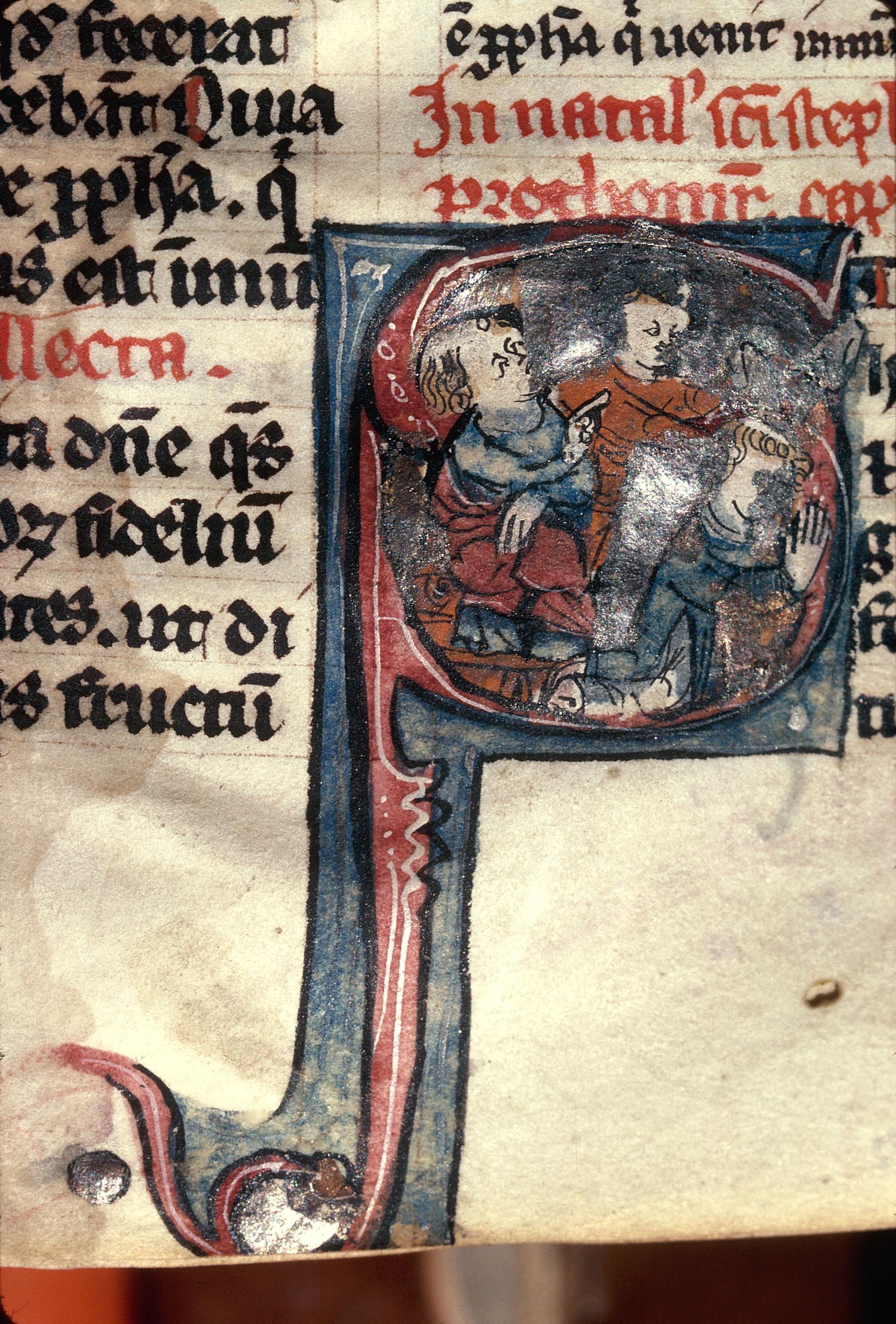 - Bréviaire cistercien, Lapidation de saint Etienne, Vesoul, BM Ms. 22, f. 231r - doré, rouge - Décor - couche d'adhésif
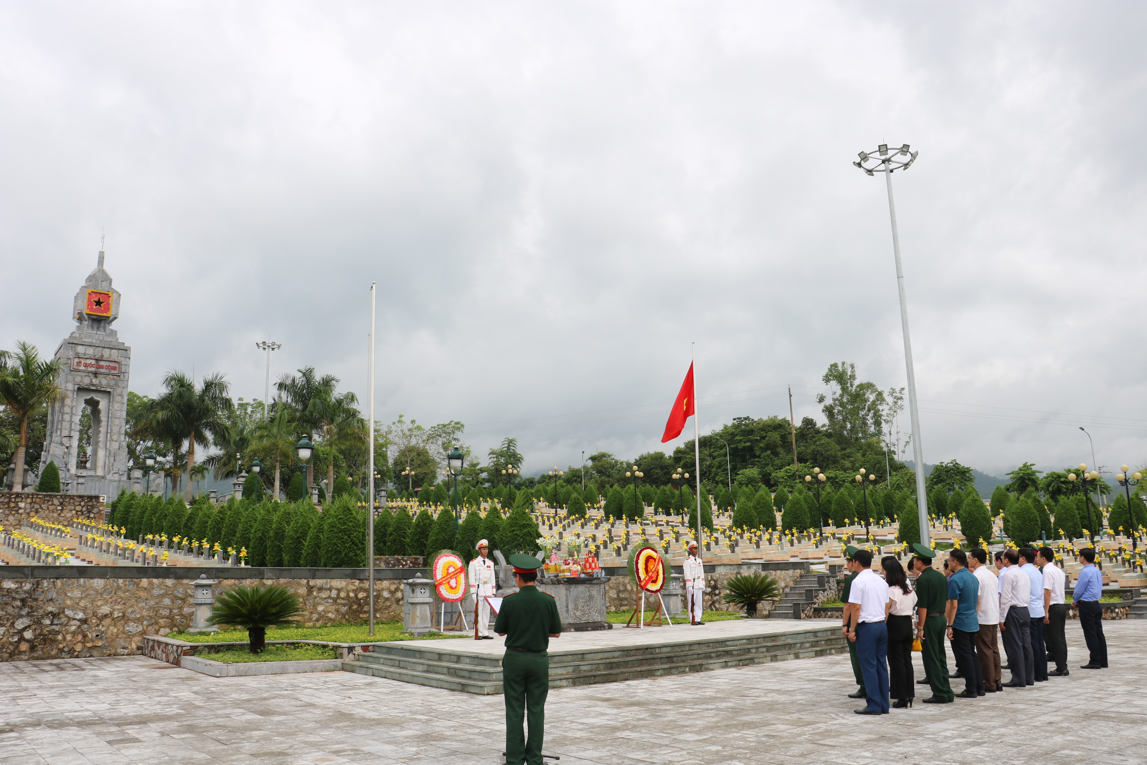 Đoàn đại biểu tỉnh Thái Bình dâng hương tưởng niệm các anh hùng liệt sĩ tại Nghĩa trang Liệt sĩ Tông Khao, tỉnh Điện Biên
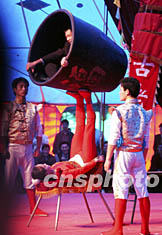 “十一”長(zhǎng)假期間中國(guó)雜技之鄉(xiāng)吳橋迎來(lái)一年中旅游黃金時(shí)節(jié)。在匯聚各路雜技高手的“雜技大世界”內(nèi),一位纖弱女子足蹬二百公斤的重物旋轉(zhuǎn)表演,令觀眾驚嘆不已。據(jù)悉,當(dāng)?shù)厝种回?cái)富來(lái)自雜技旅游收入。中新社記者:王麗南
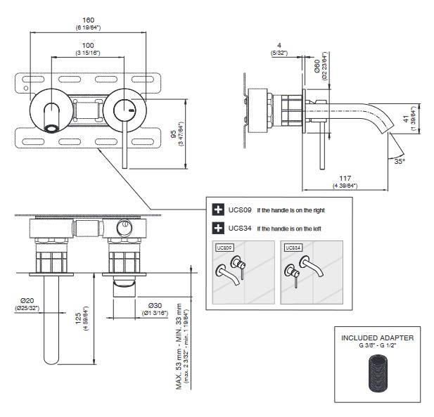 CEA Gastone Bateria umywalkowa ścienna z wylewką 12,5 cm element zewnętrzny Satin Stainless Steel GAS04WS
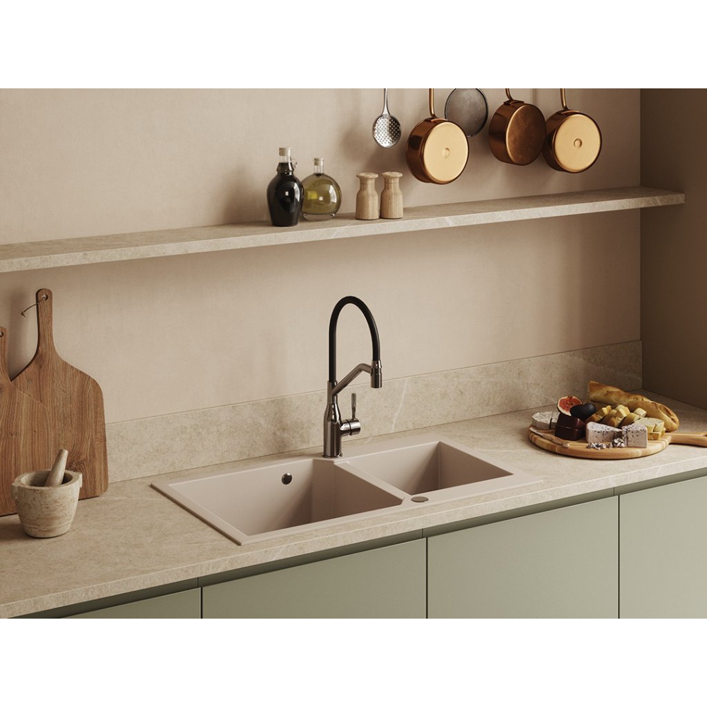 Kuchinox Milos, 2-komorový granitový dřez 860x500x215 mm + sifon, béžová, LAV-SPM_4208

########

Write out all of the records above. Keep them exact and leave out the pictures.

 - Bréviaire cistercien, Lapidation de saint Etienne, Vesoul, BM Ms. 22, f. 231r - doré, rouge - Décor - couche d'adhésif
 Đoàn đại biểu tỉnh Thái Bình dâng hương tưởng niệm các anh hùng liệt sĩ tại Nghĩa trang Liệt sĩ Tông Khao, tỉnh Điện Biên
 “十一”長(zhǎng)假期間中國(guó)雜技之鄉(xiāng)吳橋迎來(lái)一年中旅游黃金時(shí)節(jié)。在匯聚各路雜技高手的“雜技大世界”內(nèi),一位纖弱女子足蹬二百公斤的重物旋轉(zhuǎn)表演,令觀眾驚嘆不已。據(jù)悉,當(dāng)?shù)厝种回?cái)富來(lái)自雜技旅游收入。中新社記者:王麗南
 CEA Gastone Bateria umywalkowa ścienna z wylewką 12,5 cm element zewnętrzny Satin Stainless Steel GAS04WS
 Kuchinox Milos, 2-komorový granitový dřez 860x500x215 mm + sifon, béžová, LAV-SPM_4208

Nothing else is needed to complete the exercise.